• **Stored data**:
____________________
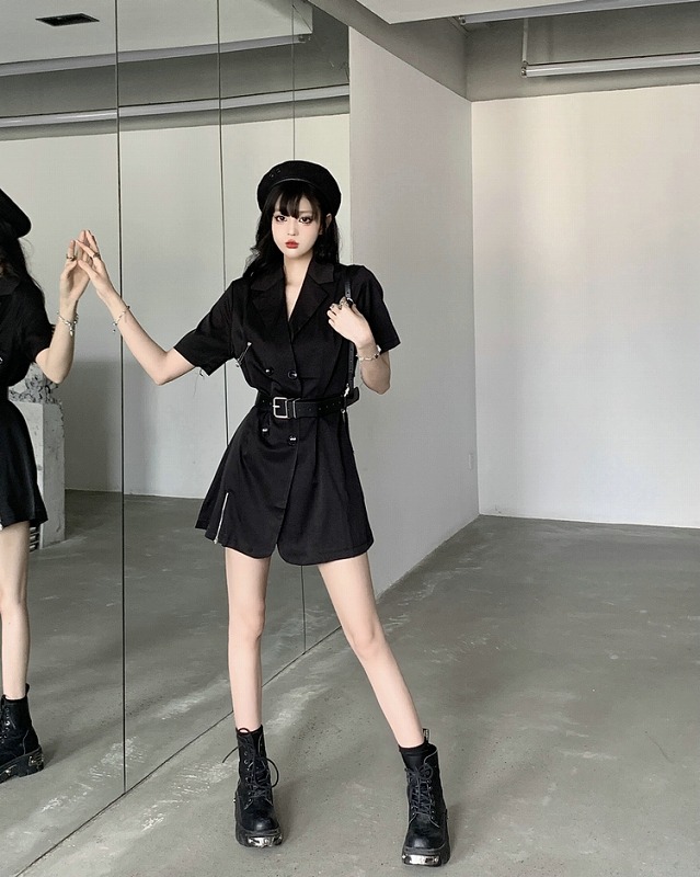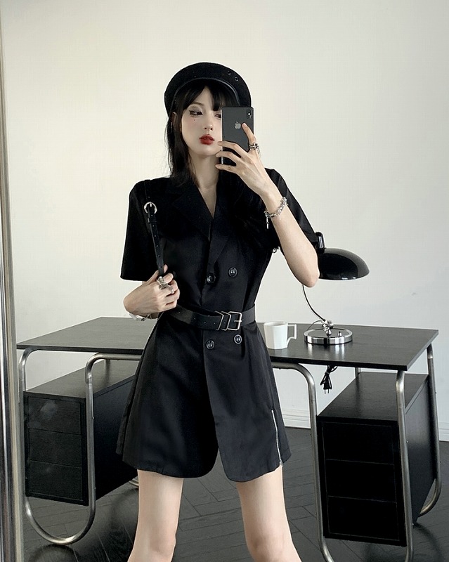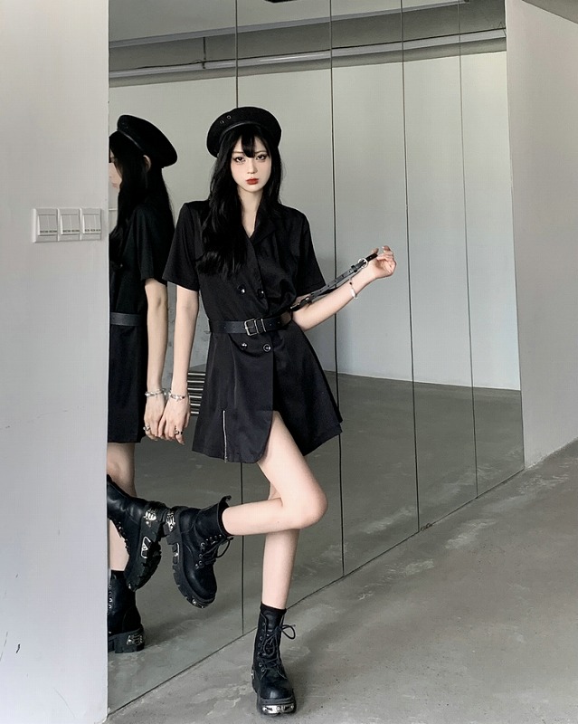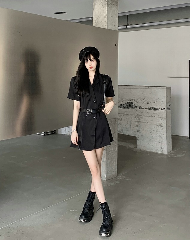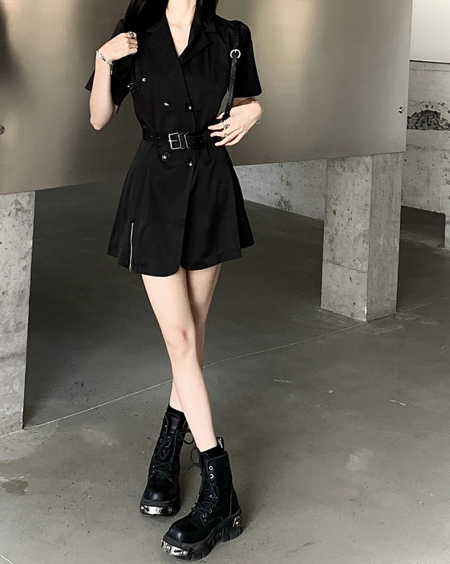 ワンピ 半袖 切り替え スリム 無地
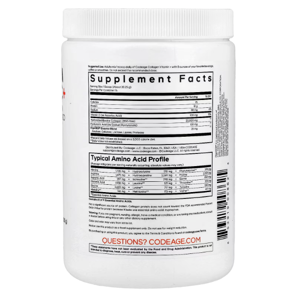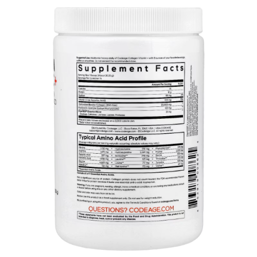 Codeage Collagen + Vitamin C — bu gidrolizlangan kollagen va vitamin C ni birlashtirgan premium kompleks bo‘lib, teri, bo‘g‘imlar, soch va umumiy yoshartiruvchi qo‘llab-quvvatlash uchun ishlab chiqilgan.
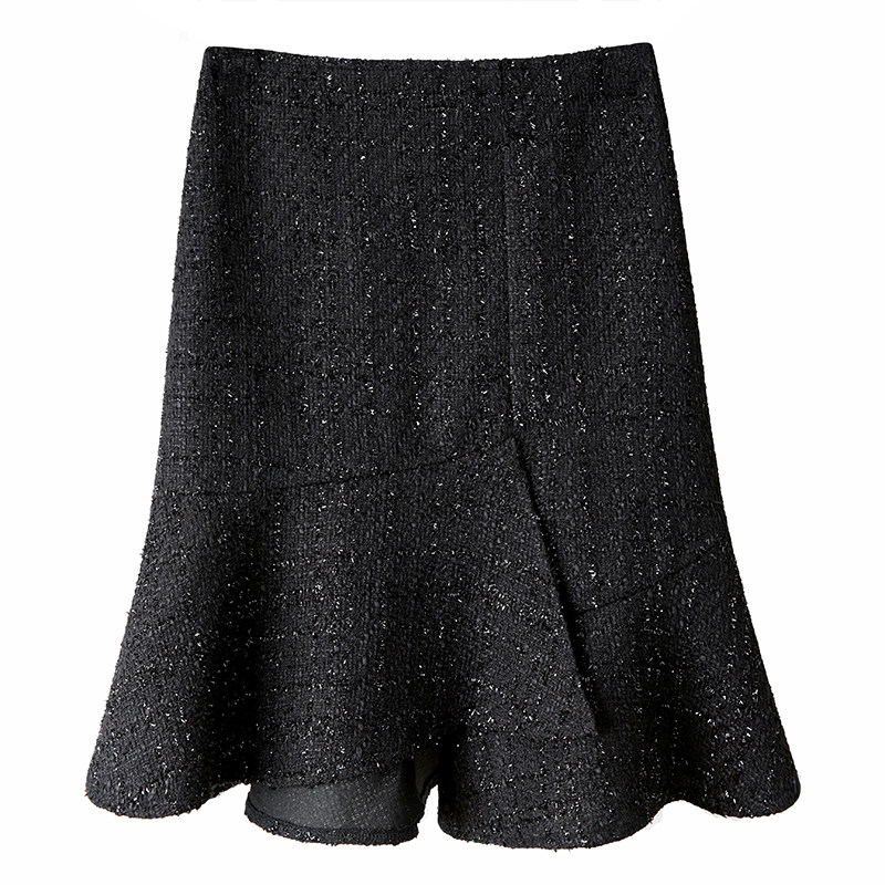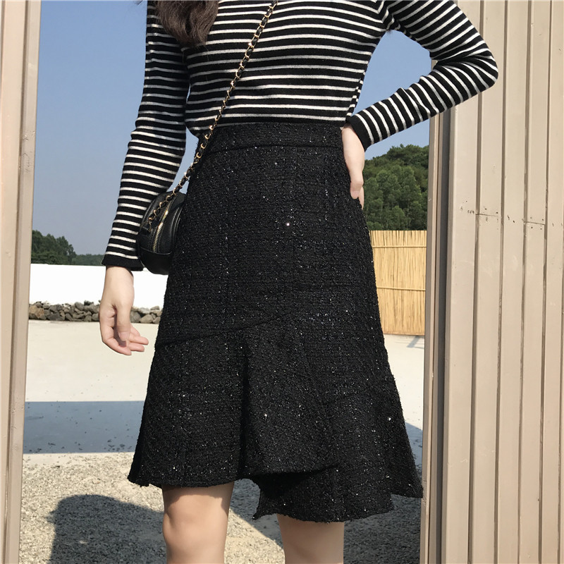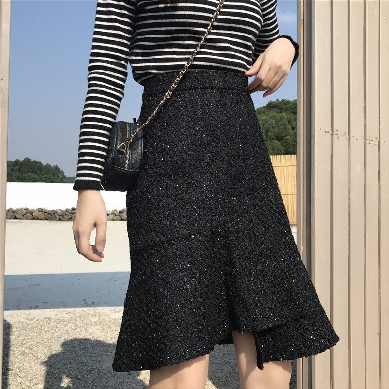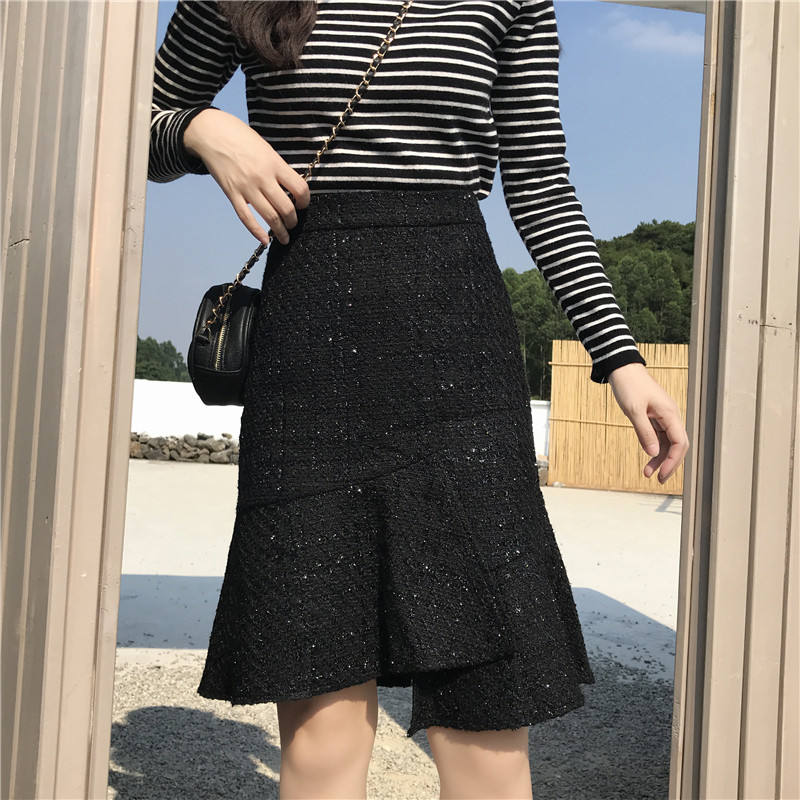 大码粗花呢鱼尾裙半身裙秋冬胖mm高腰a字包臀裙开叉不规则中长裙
____________________
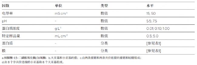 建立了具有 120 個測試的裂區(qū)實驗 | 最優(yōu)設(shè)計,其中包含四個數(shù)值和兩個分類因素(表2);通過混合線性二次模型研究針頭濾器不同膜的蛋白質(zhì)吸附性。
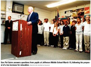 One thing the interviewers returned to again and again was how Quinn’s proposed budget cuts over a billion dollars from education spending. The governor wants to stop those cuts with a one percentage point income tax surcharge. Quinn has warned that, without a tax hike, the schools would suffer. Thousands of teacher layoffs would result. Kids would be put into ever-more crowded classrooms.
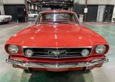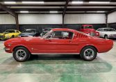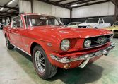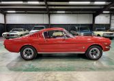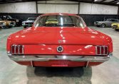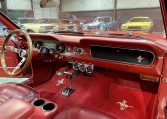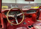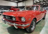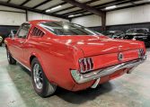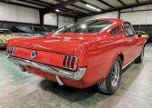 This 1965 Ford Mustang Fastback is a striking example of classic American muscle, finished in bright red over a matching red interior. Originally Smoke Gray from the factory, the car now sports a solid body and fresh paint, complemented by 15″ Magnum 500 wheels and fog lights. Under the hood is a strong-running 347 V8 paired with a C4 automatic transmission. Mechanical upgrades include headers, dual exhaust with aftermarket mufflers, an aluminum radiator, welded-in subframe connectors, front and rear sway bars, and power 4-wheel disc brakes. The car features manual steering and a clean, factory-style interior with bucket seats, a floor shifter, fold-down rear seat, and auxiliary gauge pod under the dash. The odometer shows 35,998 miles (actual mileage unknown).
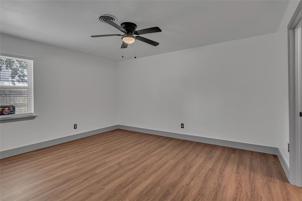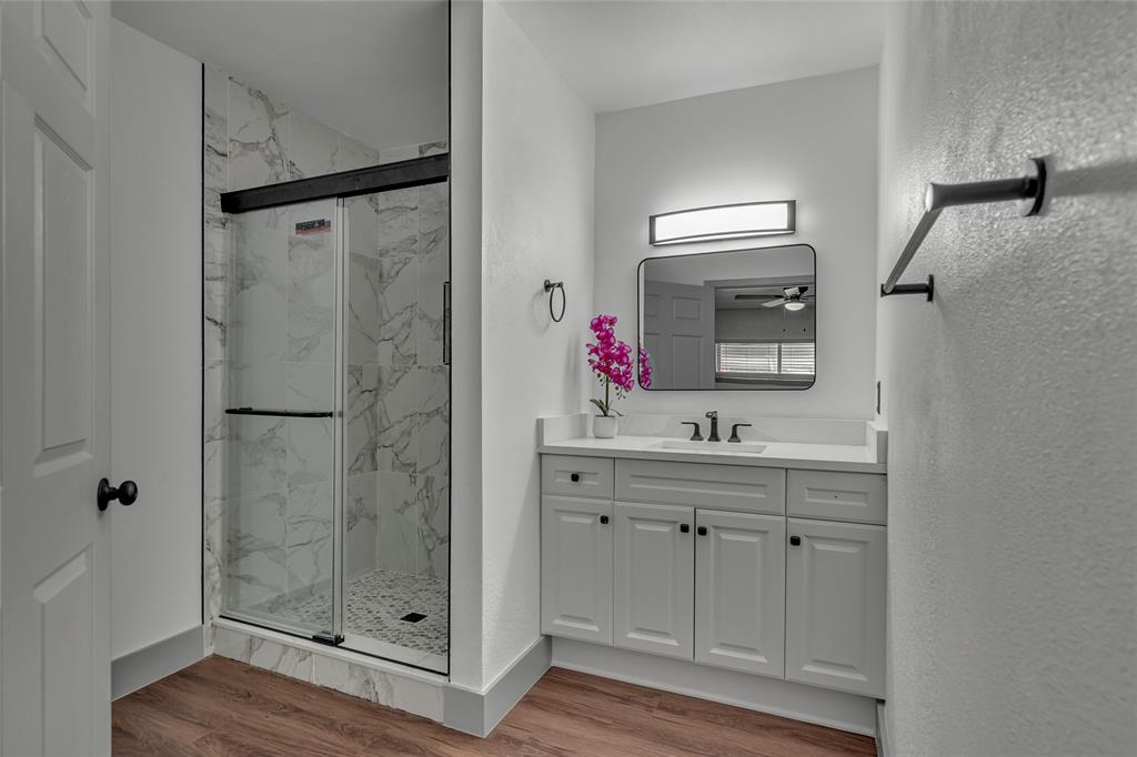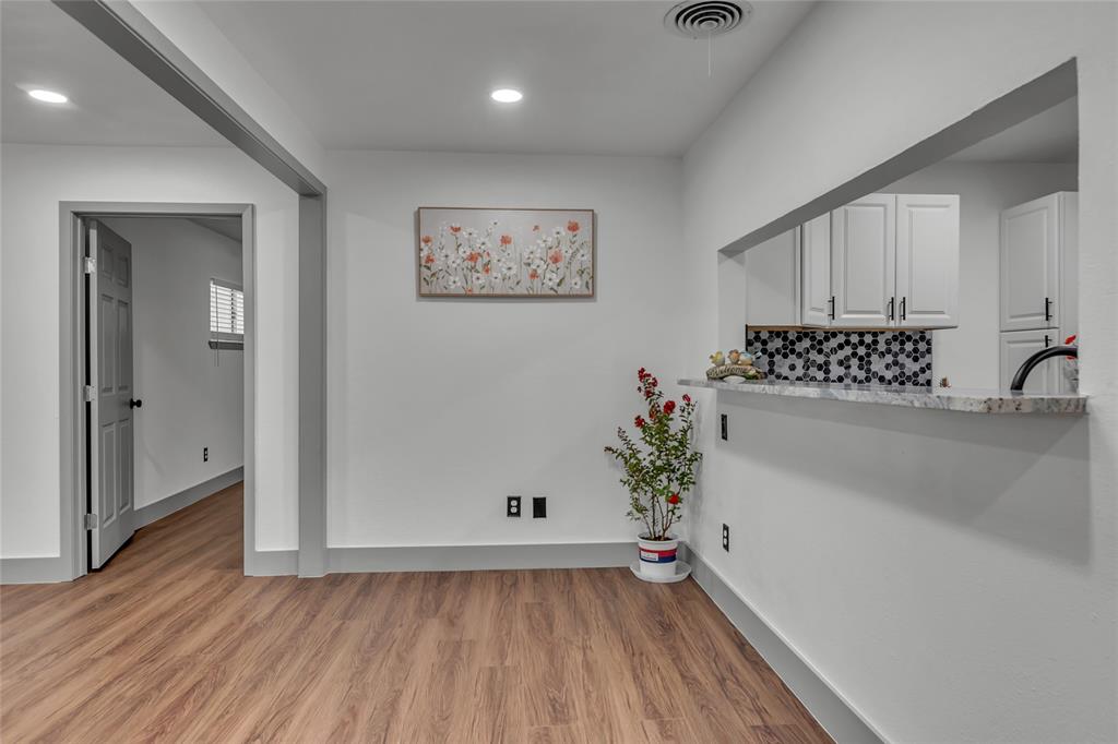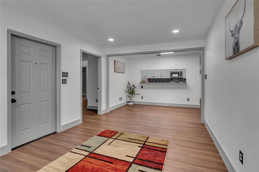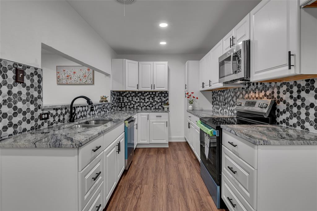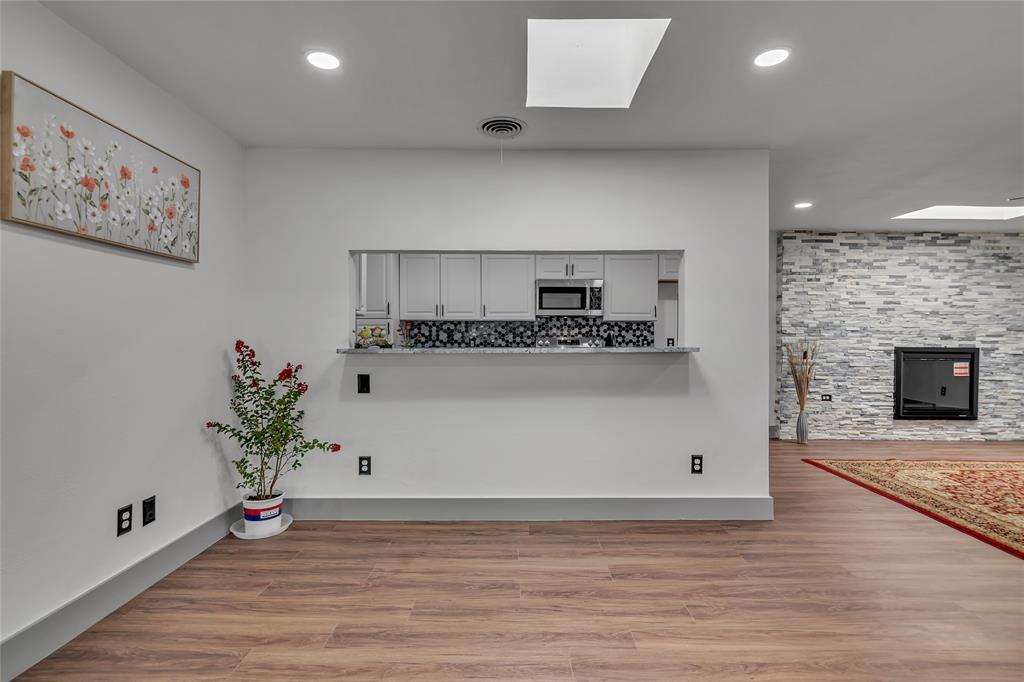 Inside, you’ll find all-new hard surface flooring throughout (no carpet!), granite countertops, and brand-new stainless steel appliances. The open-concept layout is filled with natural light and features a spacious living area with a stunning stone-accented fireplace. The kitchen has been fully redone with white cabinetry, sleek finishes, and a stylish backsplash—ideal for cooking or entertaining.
____________________
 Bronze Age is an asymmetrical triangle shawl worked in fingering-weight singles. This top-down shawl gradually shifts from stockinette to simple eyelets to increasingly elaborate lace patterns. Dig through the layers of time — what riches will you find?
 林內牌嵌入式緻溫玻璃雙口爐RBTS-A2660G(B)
____________________
• **Task statement**:
Exact copy, no pictures. Write out the lines in the entries above, starting with the line with "ワンピ 半袖 切り替え スリム 無地" and going on through the line with "大码粗花呢鱼尾裙半身裙秋冬胖mm高腰a字包臀裙开叉不规则中长裙", keeping both.

• **Your solution**:
 ワンピ 半袖 切り替え スリム 無地
 Codeage Collagen + Vitamin C — bu gidrolizlangan kollagen va vitamin C ni birlashtirgan premium kompleks bo‘lib, teri, bo‘g‘imlar, soch va umumiy yoshartiruvchi qo‘llab-quvvatlash uchun ishlab chiqilgan.
 大码粗花呢鱼尾裙半身裙秋冬胖mm高腰a字包臀裙开叉不规则中长裙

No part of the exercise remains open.